López-Navas A, Ríos A, Riquelme A, Martínez-Alarcón L, Pons J A, Miras M, Sanmartín A, Febrero B, Ramírez P, Parrilla P
International Collaborative Donor Project, Murcia, España.
Transplant Proc. 2011 Apr;43(3):701-4. doi: 10.1016/j.transproceed.2011.01.095.
In patients awaiting a transplant, the help received from friends and/or family members is considered to be an important factor in the transplantation process. Our objective was to determine the level of social/family support for patients on the liver transplant waiting list and to determine the relationship between clinical psychopathology and the level of social/family support.

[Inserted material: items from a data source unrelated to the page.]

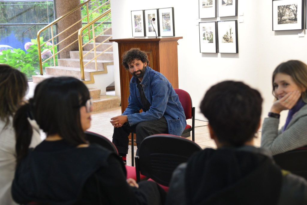 Y en el marco de esta exposición, la Dirección de Extensión Cultural-Artística de la casa de estudios ha organizado un conversatorio con el fotógrafo, programado para el próximo martes 9 de abril, a las 18:00 horas, en la citada sala, para compartir con la comunidad talquina su experiencia como artista, sus técnicas de revelado artesanal para la fotografía análoga y conocer de cerca su trabajo, donde las imágenes son su testimonio.
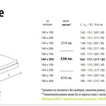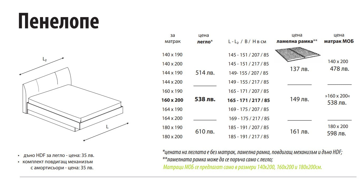 Тапицираните легла са окомплектовани с ламелна рамка, повдигащ механизъм с амортисьори и дъно HDF за легло.
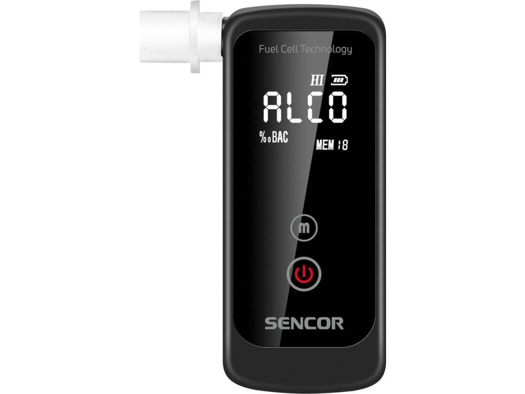Profesionální alkohol tester Sencor SCA BA40FC zjistí přesnou hodnotu alkoholu v krvi z Vašeho dechu během pár sekund. Pomocí kalibrovaného elektrochemického senzoru (Fuel Cell - palivový článek) probíhá měření alkoholu v dechu s přesností lepší než 0,008‰ BAC. Proto už se například nemusíte obávat zbytkového alkoholu, který by u Vás levné alkohol testery s polovodičovým čidlem nemusely odhalit. Široký rozsah měření od 0 do 4 ‰ BAC pokryje potřeby všech běžných uživatelů. Zařízení disponuje pamětí pro posledních 20 měření a je vybaveno dvoubarevným displejem pro optické zvýraznění překročení hodnoty alarmu. Možnost výběru jednotky měření ‰ BAC nebo mg/L a nastavení hodnoty alarmu měření. Součástí balení jsou 2 náhradní náustky.Alkohol tester s elektrochemickým senzorem (palivovým článkem)
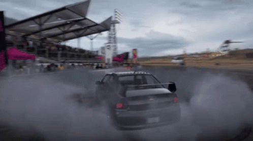 A Mitsubishi Lancer Evolution IX MR performs impressive drifts and donuts on a track in Forza Horizon 5.

The study population consisted of 70 patients on the liver transplant waiting list. We used the following instruments: (1) Medical Outcomes Study-Social Support Survey (MOS) Questionnaire. For size of the social network, four support dimensions and a global support index for emotional support, material/instrumental support, leisure/free time activities, and love/care; (2) Family Apgar Questionnaire for personal perception of family function; (3) SA-45 questionnaire of psychopathologic symptoms for somatizations, obsessive-compulsivity, interpersonal sensitivity, depression, anxiety, hostility, phobic anxiety, paranoid ideation, and psychoticism.
The MOS showed that the mean size of the social network of these patients was 12 people. In these patients, social/family support was nonfunctional in 20% of the cases. By dimensions, the patients had the following percentage of nonfunctional support: 24% in emotional support; 10% material/instrumental support; 23% social relations of leisure/free-time activities; and 11% compassionate love/care support. The patients with nonfunctional support had the following associated psychopathologic symptoms (SA-45): depression (79% vs 39%; P = .008), anxiety (86% vs 46%; P = .008), hostility (43% vs 12%; P = .009), and psychoticism (14% vs 2%; P = .039) compared to functional patients. The Family Apgar showed that 27% of patients perceived a family dysfunction. These patients had greater interpersonal sensitivity-type emotional symptoms (32% vs 8%; P = .012), depression (79% vs 35%; P = .001), anxiety (79% vs 45%; P = .011), and hostility (42% vs 10%; P = .002) compared to normally functioning patients.
Nearly a quarter of patients on the liver transplant waiting list have social/family support that is nonfunctional, which leads to greater emotional psychopathologic symptoms that would need to be treated.
在等待移植的患者中,朋友和/或家庭成员提供的帮助被认为是移植过程中的一个重要因素。我们的目标是确定肝移植等待名单上患者的社会/家庭支持水平,并确定临床精神病理学与社会/家庭支持水平之间的关系。
研究人群包括70名肝移植等待名单上的患者。我们使用了以下工具:(1)医学结局研究-社会支持调查问卷(MOS)。用于评估社交网络规模、情感支持、物质/工具性支持、休闲/自由时间活动以及关爱/照顾这四个支持维度和一个总体支持指数;(2)家庭功能适应度问卷,用于个人对家庭功能的感知;(3)SA-45精神病理症状问卷,用于评估躯体化、强迫观念与行为、人际敏感性、抑郁、焦虑、敌对、恐惧焦虑、偏执观念和精神分裂症等症状。
MOS显示,这些患者社交网络的平均规模为12人。在这些患者中,20%的病例社会/家庭支持无效。按维度划分,患者无效支持的比例如下:情感支持方面为24%;物质/工具性支持方面为10%;休闲/自由时间活动的社会关系方面为23%;关爱/照顾支持方面为11%。与支持有效的患者相比,支持无效的患者存在以下相关精神病理症状(SA-45):抑郁(79%对39%;P = 0.008)、焦虑(86%对46%;P = 0.008)、敌对(43%对12%;P = 0.009)和精神分裂症(14%对
2%;P = 0.039)。家庭功能适应度问卷显示,27%的患者认为家庭功能失调。与家庭功能正常的患者相比,这些患者存在更强的人际敏感性类型的情感症状(32%对8%;P = 0.0
12)、抑郁(79%对
35%;P = 0.001)、焦虑(79%对45%;P = 0.011)和敌对(42%对10%;P = 0.002)。
肝移植等待名单上近四分之一的患者社会/家庭支持无效,这导致了更严重的情感精神病理症状,需要进行治疗。